Son plus jeune s’est mis à lui faire les repas la semaine qu’il était là. « Avec le recul, c’est anormal que mon enfant, qui avait 14 ans, me fasse les repas. C’était anormal que ça soit lui mon proche aidant », a-t-il déclaré.
« J’étais tellement faible que pour une deuxième fois en un an, j’ai abandonné le logement. J’ai demandé à la mère des enfants de les reprendre. Ç’a été très dur pour moi », raconte-t-il avec émotion.
Dernière bataille
En juin 2024, il se retrouve de nouveau à l’urgence, cette fois-ci accompagné de ses parents qui ont mentionné au personnel qu’ils souhaitent que leur fils soit placé dans une ressource. « Autant que c’est anormal que ce soit mon fils qui prenne soin de moi, autant que c’est anormal qu’à 44 ans, ça soit ma mère qui vienne changer mon lit plein de merde », s’indigne-t-il, sans tabou.
Pour l’instant, il est toujours chez ses parents.
« J’aimerais ça que le gouvernement se réveille et nous donne de l’aide pour les tâches domestiques […] qu’il assouplisse les règles pour le programme d’aide domestique. C’est ça la solution. C’est le repos et l’aide autour. Les six mois que j’ai passés chez mes parents, j’ai remonté et j’avais de l’espoir. J’étais quasiment prêt à retourner travailler avec un travail qui correspondait à ma nouvelle réalité », plaide M. Verret.
Mme Marceau souligne l’injustice sociale reliée à la maladie.
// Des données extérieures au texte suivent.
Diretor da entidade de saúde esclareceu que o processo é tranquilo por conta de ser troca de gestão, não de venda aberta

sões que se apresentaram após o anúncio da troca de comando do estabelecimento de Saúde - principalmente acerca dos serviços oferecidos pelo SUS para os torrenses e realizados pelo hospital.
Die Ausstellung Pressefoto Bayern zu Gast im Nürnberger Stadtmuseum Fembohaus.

Au Québec, le régime de soins de santé est somme toute plutôt généreux, mais en ce qui a trait aux soins à domicile et à l’entretien ménager, il y a des lacunes, indique-t-elle.
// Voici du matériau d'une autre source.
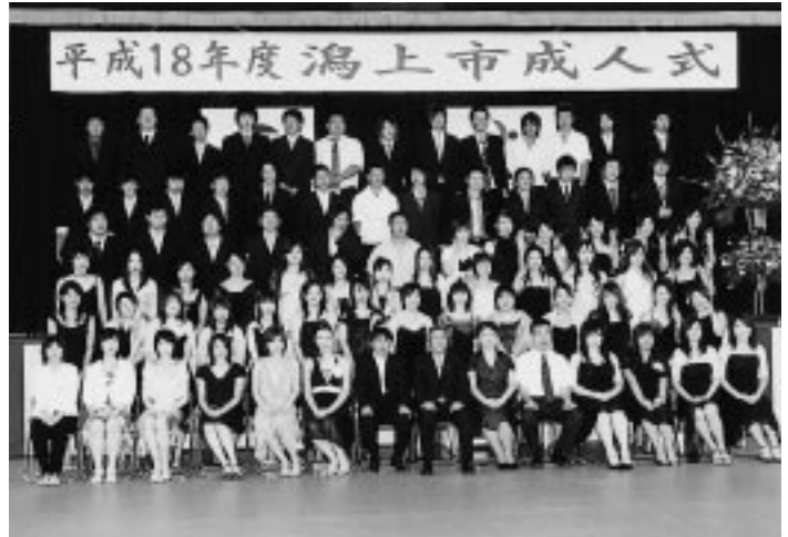
天王・二田・湖岸地区の新成人

« Si comme société on était capable de favoriser une plus grande autonomie, un plus grand filet social, probablement qu’il n’en serait pas là. Ça doit nous interpeller comme situation », soutient-elle.
Il y a une semaine, quand on lui a répété qu’on ne pouvait rien faire pour lui, Sébastien Verret a demandé l’aide médicale à mourir.
Après avoir été évalué à l’Institut universitaire en santé mentale de Québec, M. Verret s’attend à avoir un rendez-vous pour un suivi sur sa demande d’aide médicale à mourir d’ici la fin septembre. « Mais je vais pousser pour avoir un rendez-vous avant parce que je ne continuerai pas à vivre cette vie-là. C’est mon dernier cri et ma dernière bataille », dit-il.
« Selon ma lecture, [ma demande] serait admissible, mais je sais très bien que ça sera difficile de la faire passer », reconnaît-il.
Il n’a pas espoir qu’un médicament miracle améliore son sort. Selon lui, même s’il y avait un remède à la COVID longue, les dommages faits à son corps sont irréparables.